Using behavioral analysis and functional neuroimaging in a bandit task, we study how humans approach this dilemma. We assess the fit to participants' trial-by-trial choices of different exploratory strategies from reinforcement learning, and, having validated an algorithmic account of behavior, use it to infer subjective factors such as when subjects are exploring versus exploiting. These estimates are then used to search for neural signals related to these phenomena. The results support the hypothesis that exploration is encouraged by the active override of an exploitative choice system, rather than an alternative, computationally motivated hypothesis under which a single (putatively dopaminergic) choice system integrates information about both the exploitative and exploratory ("uncertainty bonus") values of candidate actions. Although exploration is ubiquitous, it is also difficult to study in a controlled manner: We seize it only through the tight integration of computational, behavioral, and neural methods.

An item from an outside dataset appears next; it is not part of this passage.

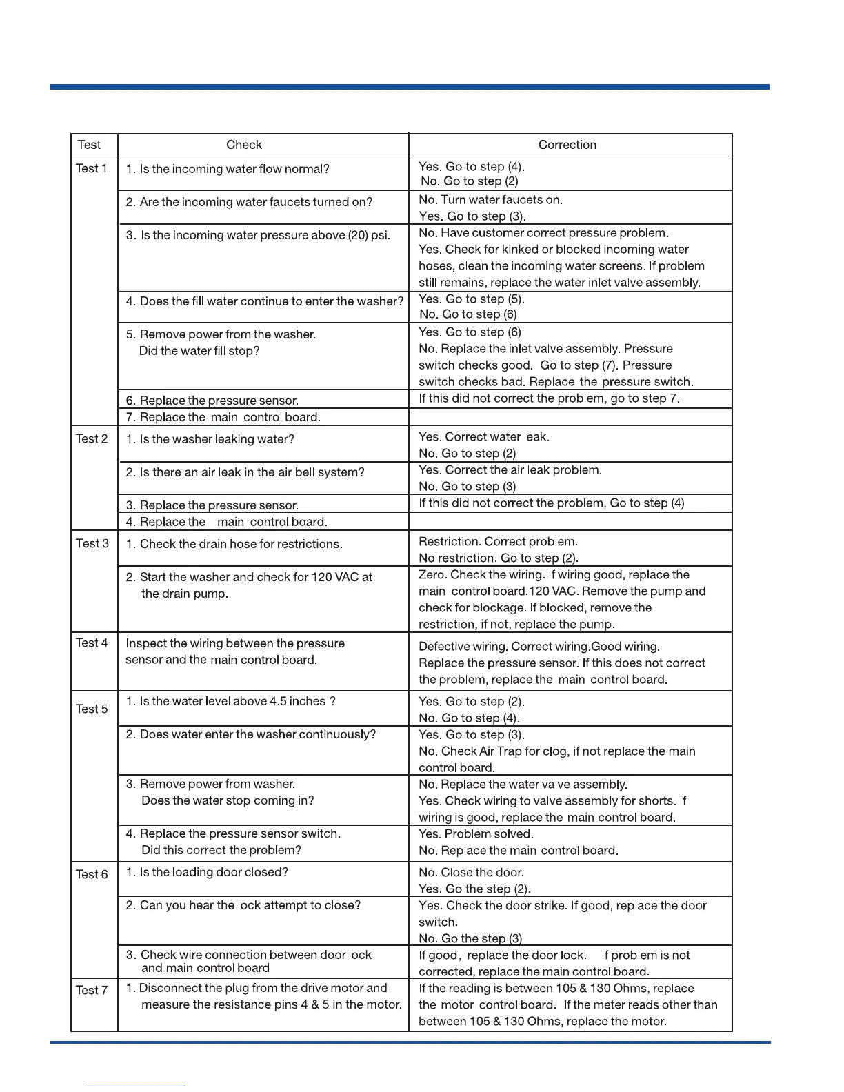 Electrolux EWFLW65H - Error Code Test Chart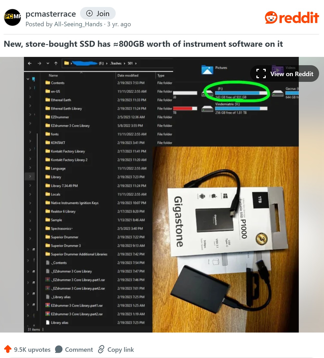 L’histoire a été racontée sur Reddit par un utilisateur nommé All-Seeing_Hands. Après avoir branché son SSD de 1 To, censé être vide, il a découvert qu’il contenait déjà un gigantesque dossier. Dedans, des programmes bien connus du milieu musical, comme Kontakt (peut monter à 1000 dollars selon la version) ou encore Reaktor (près de 200 $). De quoi se demander d’où venait réellement ce matériel censé être neuf.

Efficient Matching for Recognition and Retrieval

Date and Time
Tuesday, March 28, 2006 - 4:00pm to 5:30pm
Location
Fine Hall 101
Type
Colloquium
Speaker
Kristen Grauman, from MIT
Host
Thomas Funkhouser
Local image features have emerged as a powerful way to describe images of objects and scenes. Their stability under variable image conditions is critical for success in a wide range of recognition and retrieval applications. However, comparing images represented by their collections of local features is challenging, since each set may vary in cardinality and its elements lack a meaningful ordering. Existing methods compare feature sets by searching for explicit correspondences between their elements, which is too computationally expensive in many realistic settings.

I will present the pyramid match, which efficiently forms an implicit partial matching between two sets of feature vectors. The matching has linear time complexity, naturally forms a Mercer kernel, and is robust to clutter or outlier features, a critical advantage for handling images with variable backgrounds, occlusions, and viewpoint changes. I will show how this dramatic increase in performance enables accurate and flexible image comparisons to be made on large-scale data sets, and removes the need to artificially limit the size of images' local descriptions. As a result, we can now access a new class of applications that relies on the analysis of rich visual data, such as place or object recognition and meta-data labeling. I will provide results on several important vision tasks, including our algorithm's state of the art recognition performance on a challenging data set of object categories.